Saturday, April 19, 2008

Minding the gaps

Automating the uncovering of propaganda, could simply be a matter of finding the differences between local and global news coverage.

So, for example, the almost non-existent local coverage of the US votes in the UN against nuclear disarmament. This is a regular, big story, outside the US and UK, but it's self-censored within the US national press. Finding the differences should be a snap ... and the gap itself provides significant information.

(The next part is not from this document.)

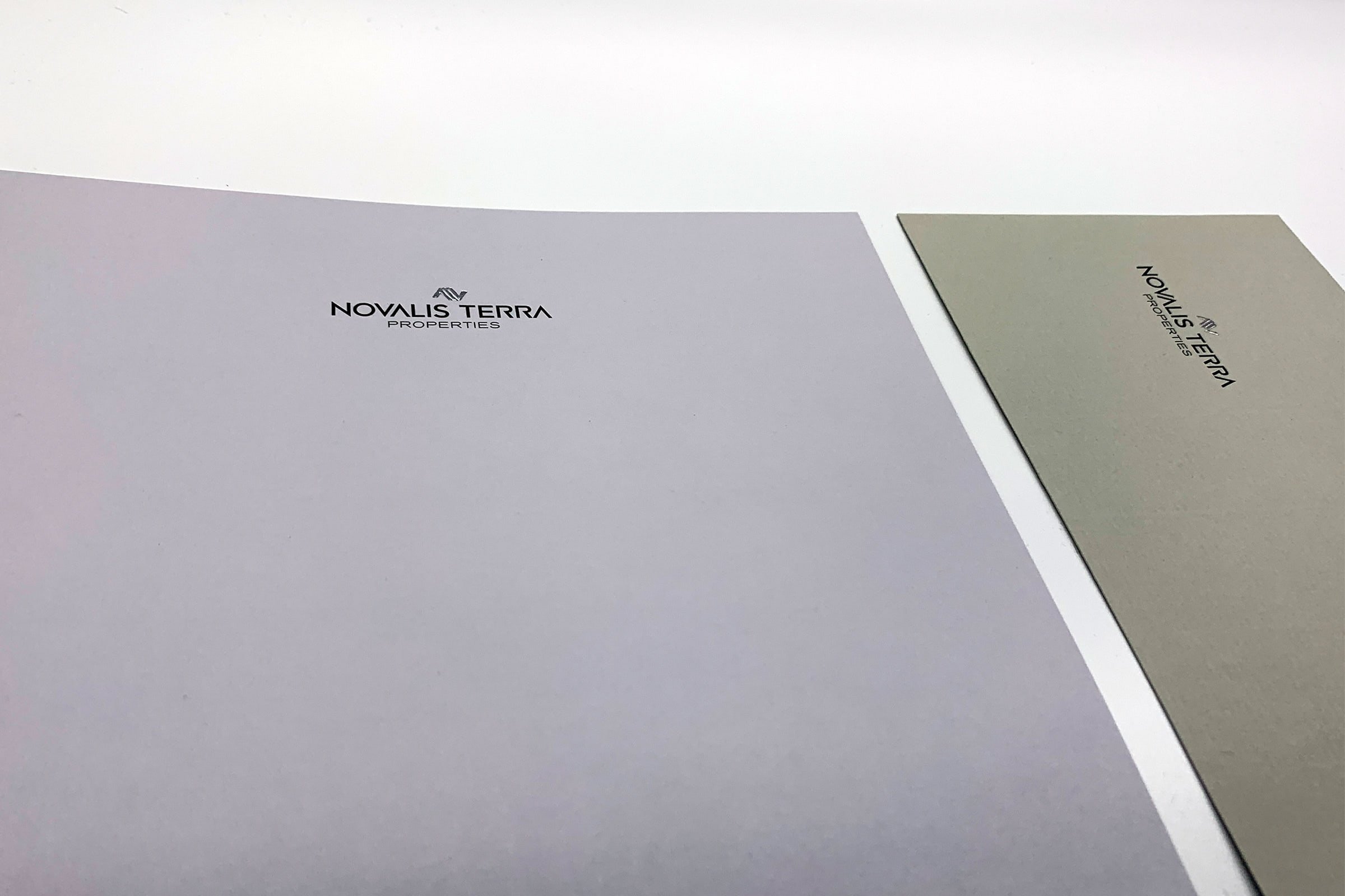 Papers: Conqueror Laid High White 300gr. for the folder and 400gr. for the business cards. Conqueror Laid Feather 120gr. for the letterhead. Conqueror Laid concrete grey 120gr. for the Dl envelopes and finally Conqueror Laid pencil for the with compliments card.

The percentage of total coverage a story receives is also significant ... something well-understood within most countries. No one thinks that celebrity news or sports news is hard news, and this is regularly decried. But news from the White House also obscures hard news ... this is clearly stated in fictional movies and television shows involving the White House. And yet we have no automated place to go to determine the obscured, real story, in real time. Even though they are often reported loud and clear in the global press. For example, in the Reagan years, when the World Court convicted the US of funding terror attacks against civilian targets in Nicaragua, it really didn't make the news in the US. But the rest of the World Press reported on it, at length.

Ideally, I'd like an option in Google News, to see the top-rated global stories that are not among the top-rated US-UK stories. There's a local analog, where your city newspaper won't report the biggest national scandal about your city ...

People all over the world need to see these differences, to discover which stories their governments and media manage not to tell them.